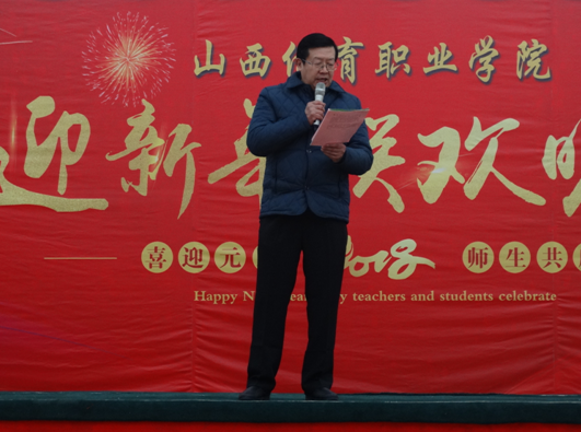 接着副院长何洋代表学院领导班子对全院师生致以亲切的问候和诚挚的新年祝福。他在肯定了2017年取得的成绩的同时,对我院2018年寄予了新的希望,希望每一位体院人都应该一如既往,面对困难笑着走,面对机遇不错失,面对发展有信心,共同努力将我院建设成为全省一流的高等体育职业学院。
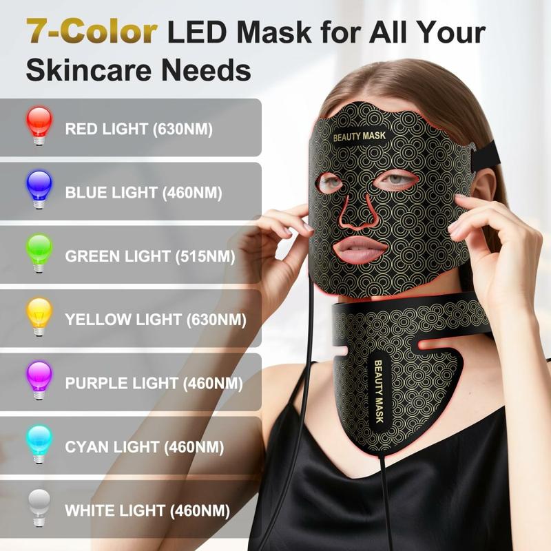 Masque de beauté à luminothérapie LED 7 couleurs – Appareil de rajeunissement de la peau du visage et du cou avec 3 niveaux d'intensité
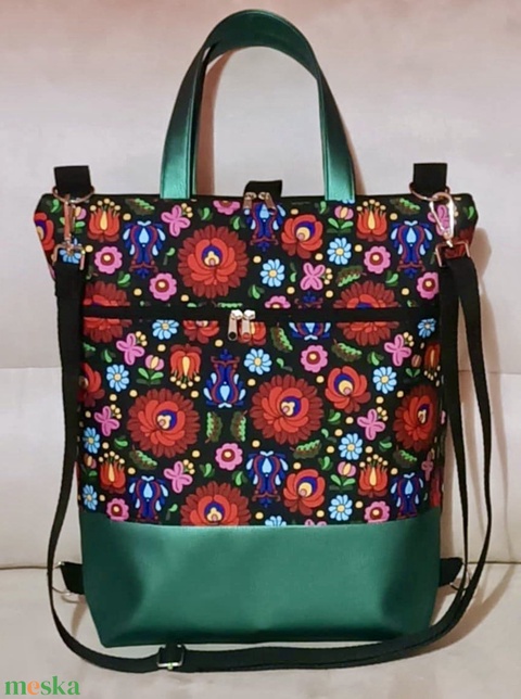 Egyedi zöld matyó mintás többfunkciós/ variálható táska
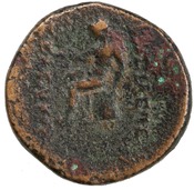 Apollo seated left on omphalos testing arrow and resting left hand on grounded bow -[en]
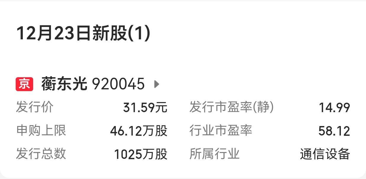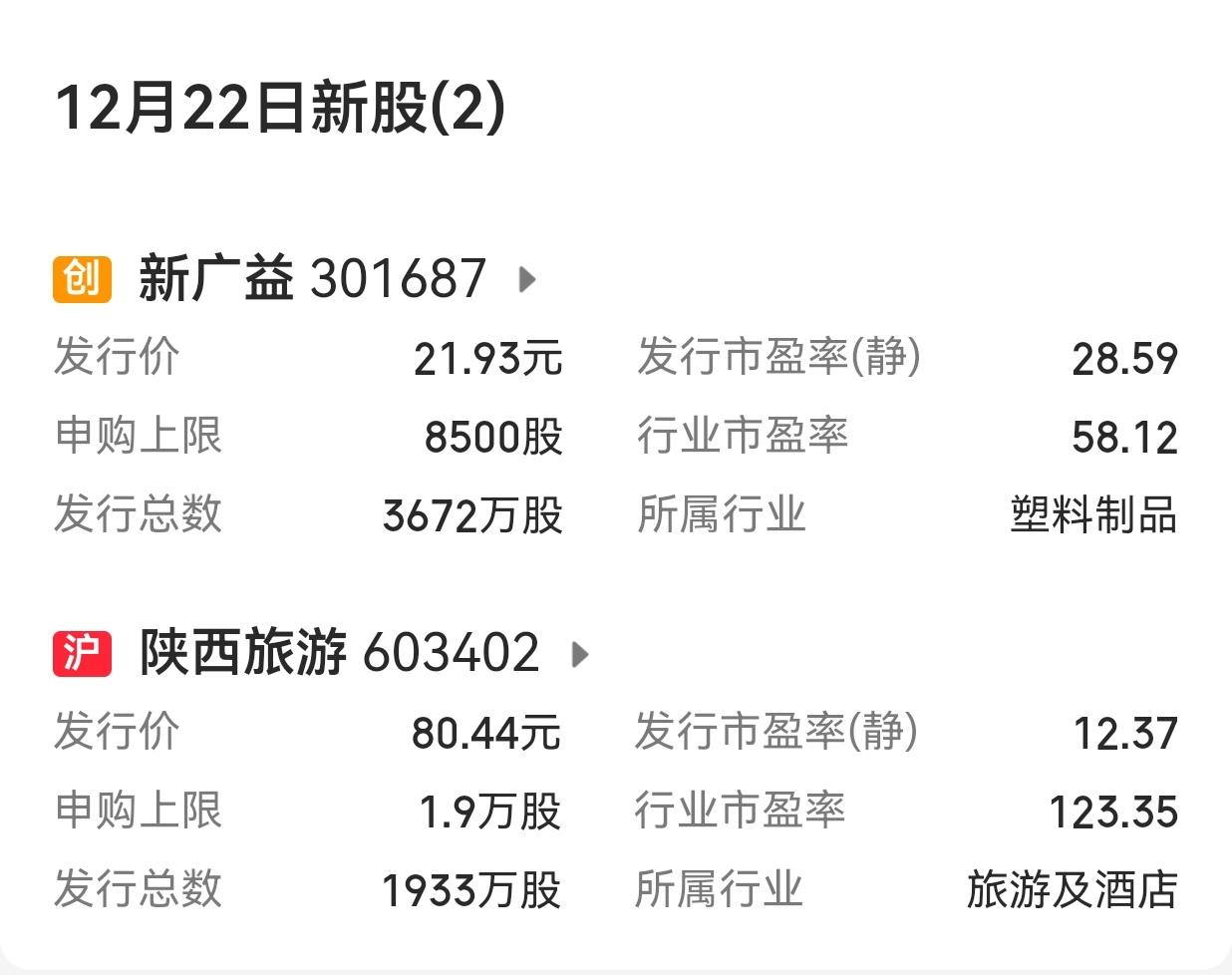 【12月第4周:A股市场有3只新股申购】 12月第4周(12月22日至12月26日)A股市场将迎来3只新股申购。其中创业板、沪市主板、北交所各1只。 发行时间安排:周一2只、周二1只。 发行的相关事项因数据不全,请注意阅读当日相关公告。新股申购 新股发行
---
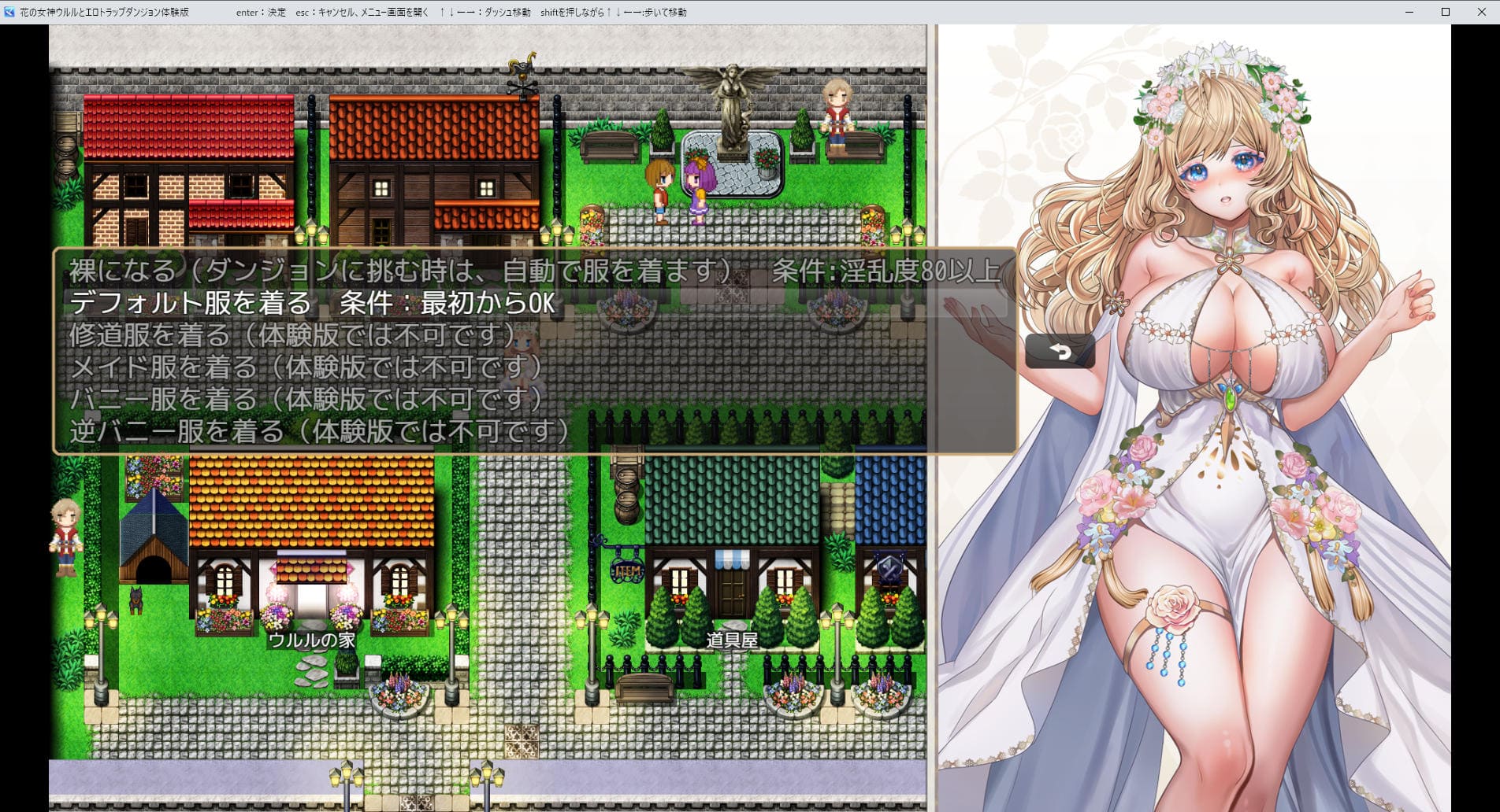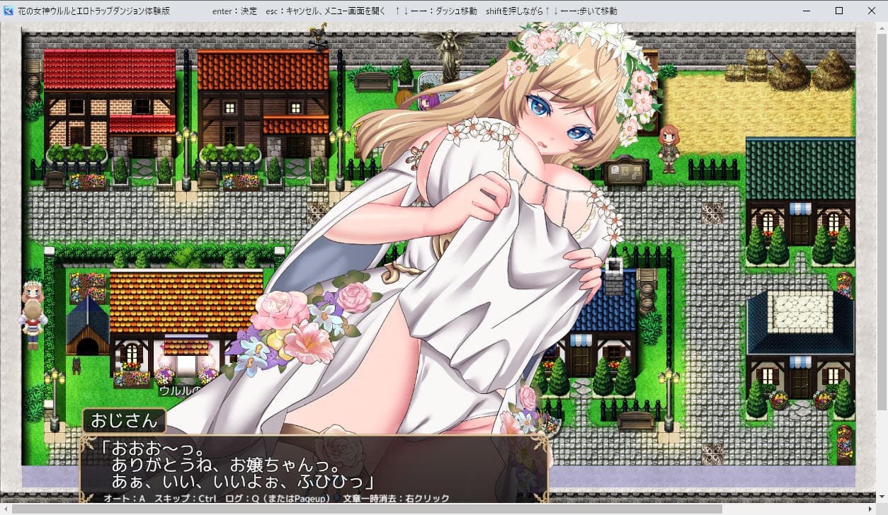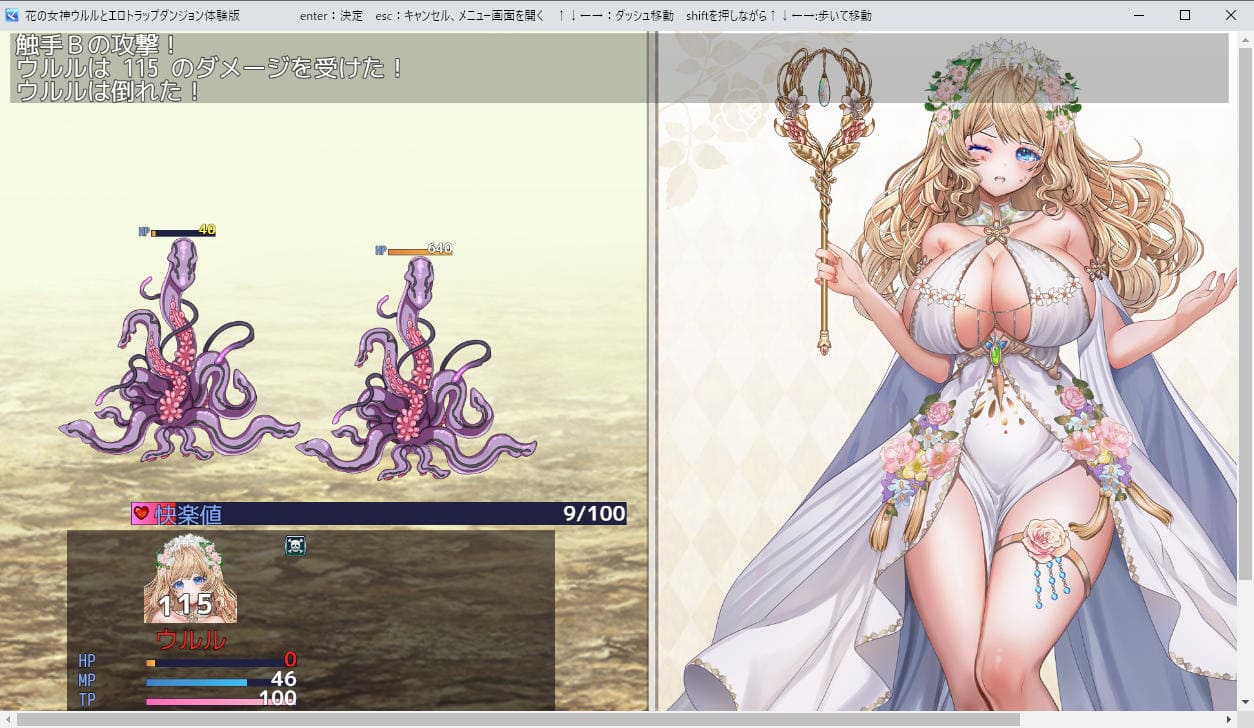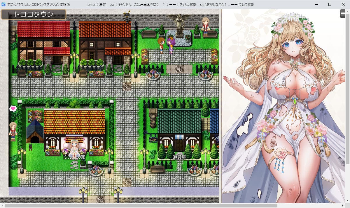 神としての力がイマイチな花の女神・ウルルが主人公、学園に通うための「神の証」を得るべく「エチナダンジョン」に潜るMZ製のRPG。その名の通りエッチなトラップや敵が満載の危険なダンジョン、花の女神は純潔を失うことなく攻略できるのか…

**Your goal:**
Of the records above, print only the lines from the one containing "接着副院长何洋代表学院领导班" through the one containing "发行时间安排:周一2只、周二1只。 发行的相关事项因数据不全,请注意阅读当日相关公告。新股申购 新股发行", inclusive and unaltered, leaving out pictures.

**Completed task:**
 接着副院长何洋代表学院领导班子对全院师生致以亲切的问候和诚挚的新年祝福。他在肯定了2017年取得的成绩的同时,对我院2018年寄予了新的希望,希望每一位体院人都应该一如既往,面对困难笑着走,面对机遇不错失,面对发展有信心,共同努力将我院建设成为全省一流的高等体育职业学院。
 Masque de beauté à luminothérapie LED 7 couleurs – Appareil de rajeunissement de la peau du visage et du cou avec 3 niveaux d'intensité
 Egyedi zöld matyó mintás többfunkciós/ variálható táska
 Apollo seated left on omphalos testing arrow and resting left hand on grounded bow -[en]
 【12月第4周:A股市场有3只新股申购】 12月第4周(12月22日至12月26日)A股市场将迎来3只新股申购。其中创业板、沪市主板、北交所各1只。 发行时间安排:周一2只、周二1只。 发行的相关事项因数据不全,请注意阅读当日相关公告。新股申购 新股发行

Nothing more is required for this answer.